Looking to build and deploy a real-world RAG application? Welcome!

This repo provides a base skeleton for building a (RAG)-enhanced LLM application. It is intended to serve as a starting point for developers looking to build real-world production RAG applications.

This allows easy setup of a web application that allows you to input large amounts of custom data for use with your LLM, operated via a web API.

What's Included

The project allows you to:

  1. Locally deploy (via Docker) a vector database.
  2. Locally deploy an API to add/remove custom textual data from the vector DB.
  3. Instructions on how to deploy to AWS.
  4. An API to send chat messages to the LLM, which can be used to ask questions about the custom data. It can "look up" data from the vector DB for use as part of the response.
  5. Chat history is stored in a local Postgres, and is also accesable via the API.
  6. The API supports streaming of the response from the LLM.

This repo is built by Hipposys Ltd., and serves as a starting off point for new RAG projects for our clients. It is open sourced both for educational purposes, and to serve as a base for commercial projects.

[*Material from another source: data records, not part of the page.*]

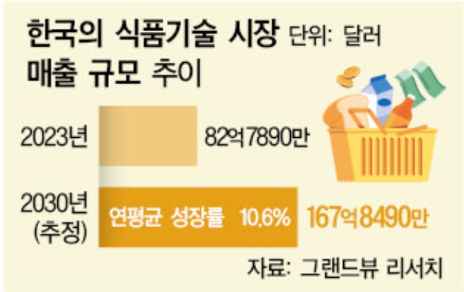 글로벌 시장조사 기관 ‘그랜드뷰 리서치’는 한국의 식품기술 시장이 2023년 82억7890만달러(11조8280억원)의 수익을 냈으며, 이 규모가 2030년 167억8490만달러(24조원)로 커질 것으로 내다봤다. 이 공동회장은 “농업·식품 기업뿐만 아니라 먹기 위한 기술을 제공하는 삼성전자부터 야놀자까지 모든 테크산업이 연결된다”고 설명했다.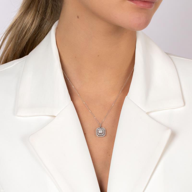שרשרת זהב 14K עם תליון יהלומים מעוצב, המשובץ ביהלומים לבנים ויפים, השרשרת קיימת בזהב לבן, צהוב.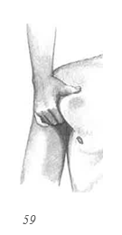 Massez l’espace entre chaque doigt près de la première articulation en entrelaçant les doigts de votre main libre avec celle du patient (fig.78). Pour terminer, agrippez le poignet avec le pouce et l’index de votre autre main. Pressez alternativement sur l’avant et l’arrière de la main et des doigts, travaillant chaque articulation. Puis tordez et tirez à nouveau les doigts. Après avoir tiré chaque doigt, secouez votre propre main.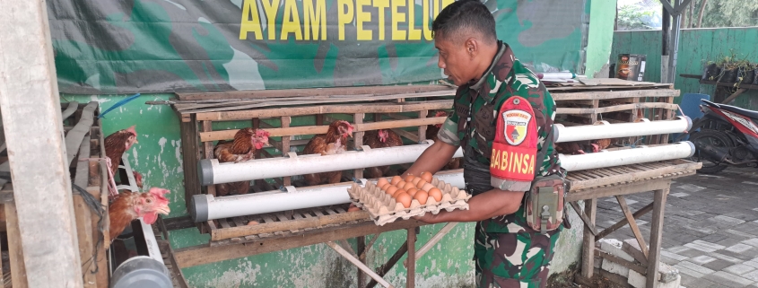 Surabaya — Sebagai wujud nyata kontribusi dalam program ketahanan pangan nasional, anggota Babinsa Koramil 0830/01 Krembangan, Sertu Akhiri, secara rutin melakukan perawatan dan pemeliharaan ayam petelur hasil budidaya Koramil. Kegiatan ini berlangsung di kandang Makoramil 0830/01 Krembangan, Jl. Kalianak Timur No. 167, Sabtu (28/6).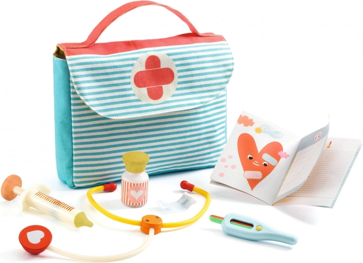 Zdravniški kovček DJECO je idealno darilo za male navdušence nad medicino. Vsebuje vse potrebno za igro zdravnika: termometer, ki menja barvo, stetoskop, injekcijsko brizgo, stekleničko za zdravila, povoj in zdravstveno kartico.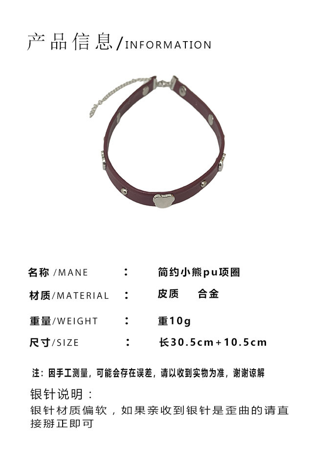 원래 디자인 곰 초커 가죽 로프 칼라 스파이스 소녀 패션 창조적 인 목 벨트 목 반지 성격 올 매치 트렌디 쥬얼리

The current skeleton supports Amazon Bedrock or OpenAI as the LLM provider, and Milvus or Chroma as the vector database. Additional LLM providers and vector databases are planned to be added in the near future.

Features

  • Web Server providing endpoints for:
    • Adding and removing custom data.
    • Sending and receiving chat messages.
      • This supports streaming of the response from the LLM.
  • Using Amazon Bedrock or OpenAI as an LLM provider.
  • Milvus and Chroma Vector database integrations.
  • Built on top of Langchain.
  • Chat history is stored in a local Postgres, and is also accesable via the API.

Prerequisites

Currently, you must have an Amazon Bedrock or OpenAI account to use this project.

You'll also need Docker for the local deploy.

Contact

Looking for help or have questions? Contact us at [email protected].

We work with clients on a variety of AI engineering and Data Enngineering projects.

Installation

The local deployment relies on having Docker installed.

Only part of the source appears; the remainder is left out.